Because this uses the (very nice!) subprocess library, it only works on Ruby platforms where fork is supported. If you're running in an environment where this isn't supported (e.g. JRuby) you won't be able to use this. However, the rest of this library is expected to work for you, and specifying an --out target for RSpec::Trace::Formatter may make this easier.

How Do I Use It?

You can install this gem by adding the rspec-trace-formatter (along with the necessary OpenTelemetry dependencies, if they aren't already included) to your Gemfile and running bundle install. For example:

group :test do
  gem "rspec-trace-formatter"
  gem "opentelemetry-api", "~> 1.0"
  gem "opentelemetry-exporter-otlp", "~> 0.20.0"
end

This library should be used like any other RSpec formatter, with the assistance of any environment variables that you need to control the OpenTelemetry data.

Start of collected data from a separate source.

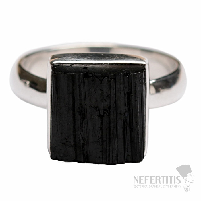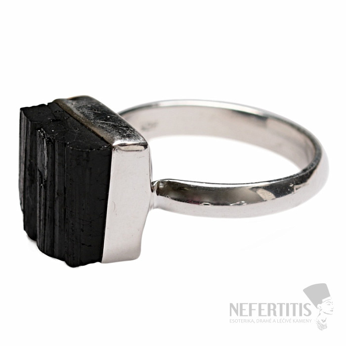 Atraktívny, elegantný, až trochu tajomný prsteň z veľkého surového čierneho turmalínu skorylu v striebre. Čierna farba turmalínu, ktorá krásne kontrastuje s leskom strieborného rámčeka, dáva tomuto prstenu eleganciu a robí z neho veľmi dekoratívny šperk. Čierne surové turmalíny bežne obsahujú prasklinky, je to ich charakteristický rys a dôkaz, že kupujete pravý prírodný tumalín. Ag 925. Veľkosť kameňa cca 1,1 cm. Kupujete priamo vyobrazený šperk.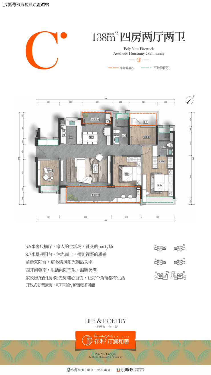 项目户型设计合理,平均得房率高,同等面积多一房,且真正做到了南北通透格局。提供建面约 109㎡三房两厅两卫、120㎡和 138㎡四房两厅两卫三个面积段,满足不同购房群体的需求。大尺度景观阳台、双阳台、可变空间、套房式主卧等前沿设计,让业主享受舒适的居住体验。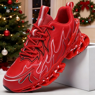 scarpe da corsa da uomo con fiamme rosse: scarpe sportive leggere e traspiranti con un design grafico audace per jogging, fitness, streetwear e stile quotidiano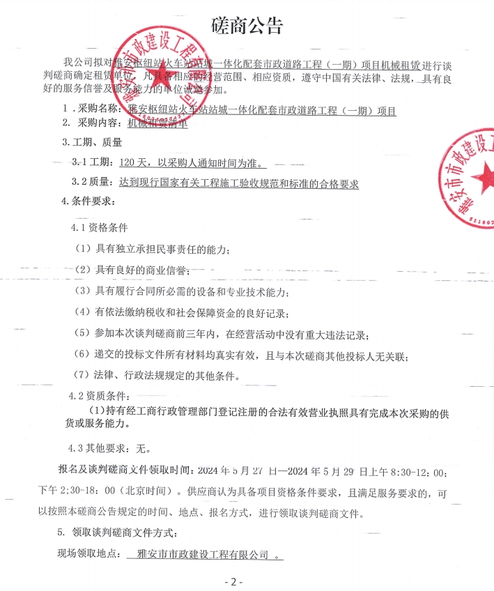 雅安樞紐站火車(chē)站站城一體化配套市政道路工程(一期)項(xiàng)目機(jī)械租賃磋商公告
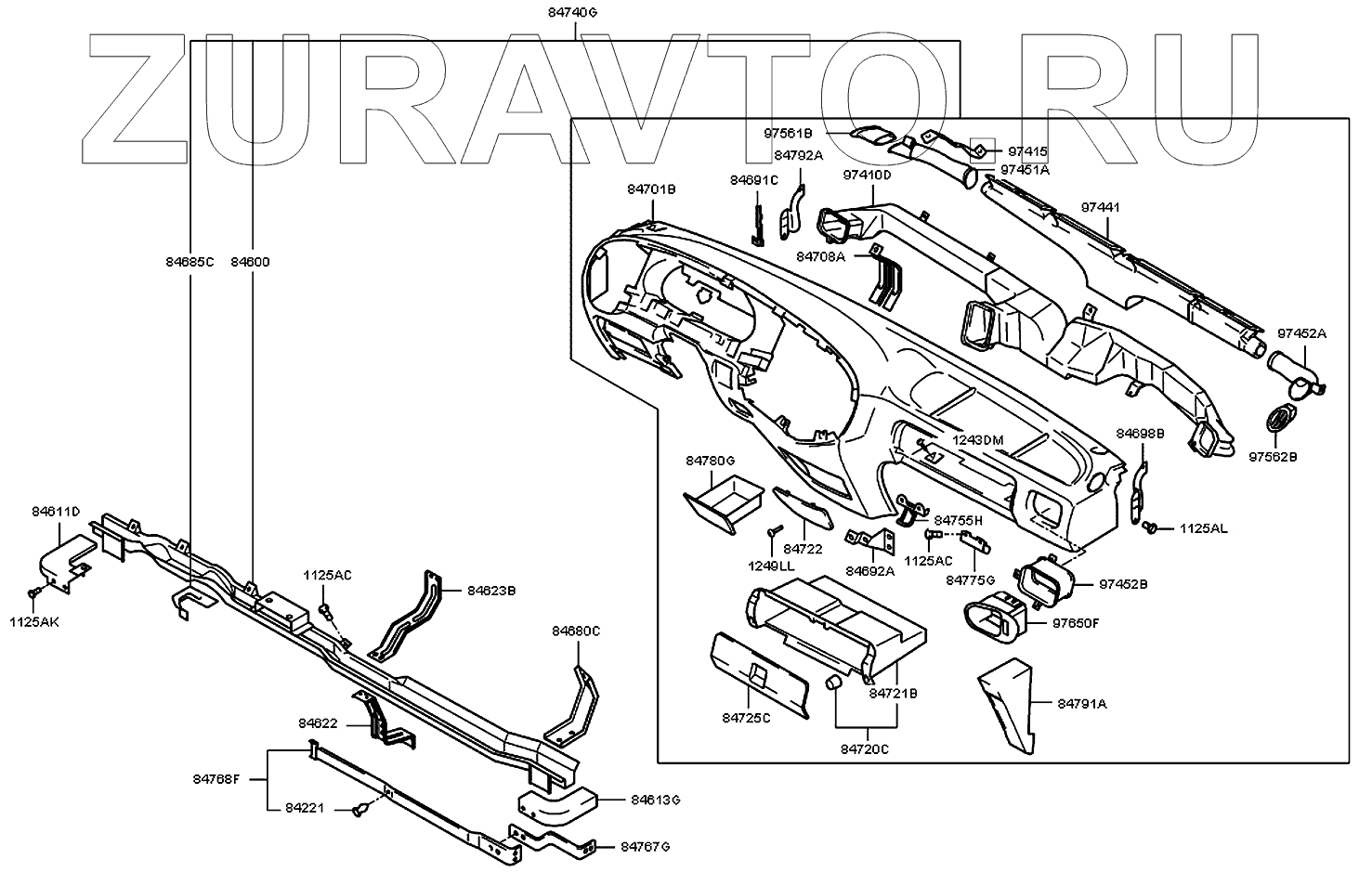 | 84696B | 84696-5A000 | Кронштейн крепления панели приборов левый | Нет в продаже |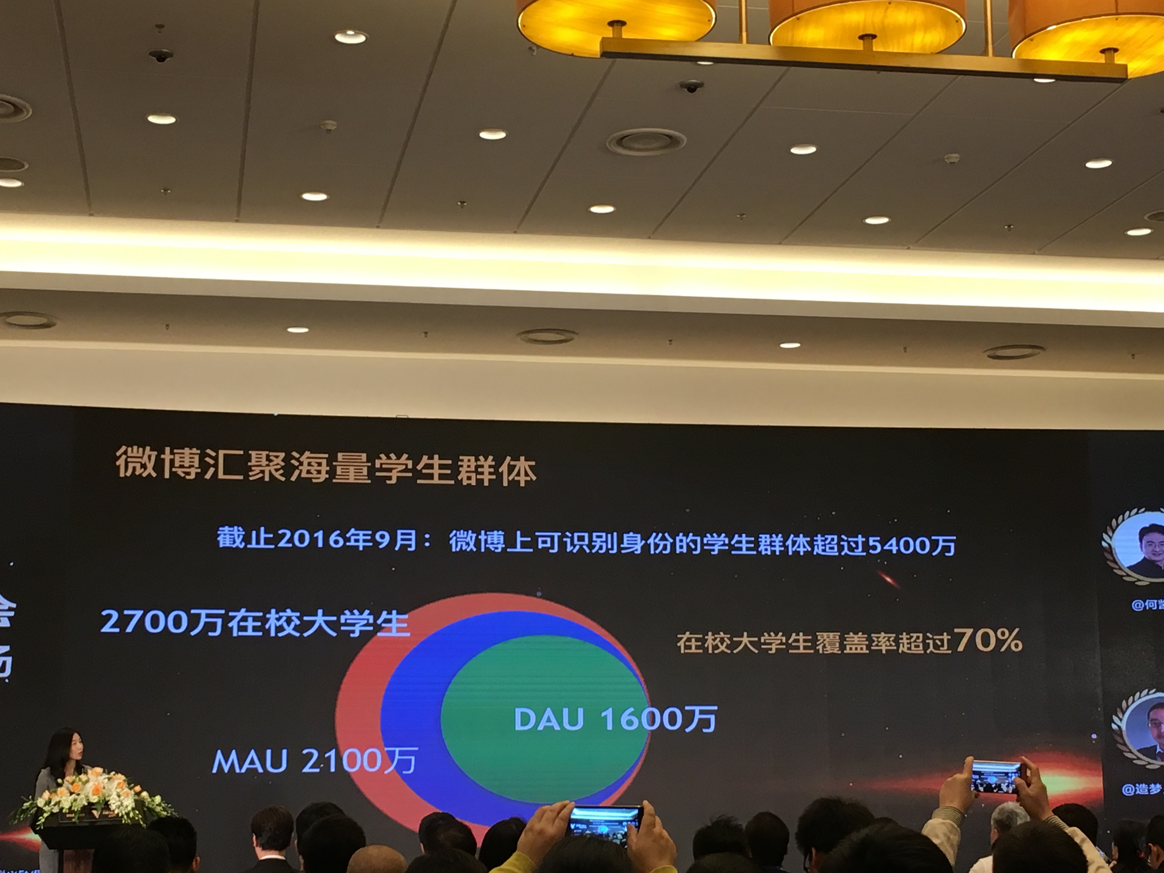 截止到2016年9月,微博覆蓋的可識別身份的學(xué)生群體達(dá)到了5400萬人,其中有2700萬的在校大學(xué)生。

Example of using the RSpec::Trace::OpenTelemetryFormatter with representative environment variables set:

$ OTEL_TRACES_EXPORTER=console bundle exec rspec --format RSpec::Trace::OpenTelemetryFormatter

Example of running the RSpec::Trace::Formatter by itself and sending the output to rspec-trace-consumer separately (in a way that you can surely improve upon):

$ OTEL_TRACES_EXPORTER=console bundle exec rspec --format RSpec::Trace::Formatter --out /tmp/trace-events.jsonl

# Piping the input in
$ rspec-trace-consumer < /tmp/trace-events.jsonl

# Passing a filename as an argument
$ rspec-trace-consumer /tmp/trace-events.jsonl

If the TRACEPARENT environment variable is set in either of these cases, it will be interpreted as a W3C Trace Context Traceparent Header value. This will allow you to include the span events generated by this library in a larger distributed trace.

How Do I Contribute?

Very carefully, I hope.

One notable fact is that we use snapshot testing for the class underpinning rspec-trace-consumer. To keep this reliable, I've defined a custom OpenTelemetry span exporter that includes meaningful-enough data to test with and no execution-specific fields.

Useful rake commands

  • rake build: Build the gem
  • rake install: Builds and installs the gem
  • rake regenerate_examples: Rebuilds fixtures for snapshot tests
  • rake test: Runs the automated tests (written with RSpec, of course)
  • rake update_snapshots: Updates the test snapshots

Containers

Configuration for a dev container is provided for convenience. The main practical benefit of developing in the container is to be able to regenerate the snapshots for the Consumer tests with consistent and non-identifying file paths for the stack traces.